When an ion is accelerated through a potential difference \( V \), the kinetic energy acquired by the particle is given by: \[ K.E. = qV \] Where \( q \) is the charge of the particle. The kinetic energy is also related to the speed of the particle: \[ K.E. = \frac{1}{2} mv^2 \] At the point of closest approach, all the kinetic energy is converted into electrostatic potential energy. The electrostatic potential energy between two charges \( q_1 \) and \( q_2 \), separated by a distance \( r \), is given by: \[ U = \frac{1}{4 \pi \epsilon_0} \times \frac{q_1 q_2}{r} \] At the closest approach, this potential energy equals the kinetic energy: \[ qV = \frac{1}{4 \pi \epsilon_0} \times \frac{q_1 q_2}{r} \] Where: - \( q_1 \) is the charge of the incoming particle - \( q_2 \) is the charge of the target nucleus - \( r \) is the distance of closest approach Now, consider the two cases: 1. Alpha particle (\( \alpha \)): The charge of the alpha particle is \( q_{\alpha} = 2e \), where \( e \) is the elementary charge. 2. Deuterium ion (\( D \)): The charge of the deuterium ion is \( q_D = e \).
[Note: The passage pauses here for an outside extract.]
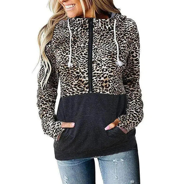 ポケット付きレオパード柄フード付きスウェットシャツ(レディース

Since the potential difference \( V \) is the same for both particles, we can write the equation for the distance of closest approach for each particle: \[ r_{\alpha} = \frac{1}{4 \pi \epsilon_0} \times \frac{q_{\alpha} q_2}{qV} = \frac{1}{4 \pi \epsilon_0} \times \frac{2e q_2}{qV} \] For the deuterium ion: \[ r_D = \frac{1}{4 \pi \epsilon_0} \times \frac{q_D q_2}{qV} = \frac{1}{4 \pi \epsilon_0} \times \frac{e q_2}{qV} \] Now, comparing the two expressions for \( r_{\alpha} \) and \( r_D \): \[ r_{\alpha} = 2 \times r_D \] Thus, the distance of closest approach for the alpha particle is twice that of the deuterium ion. However, the problem states that both distances of closest approach are observed to be the same. This means that in the presence of the target nucleus, the effective nuclear charge experienced by the alpha particle and the deuterium ion must be different. This can be explained by the fact that the target nucleus could be more effective in slowing down the alpha particle than the deuterium ion, leading to the same effective closest approach distance.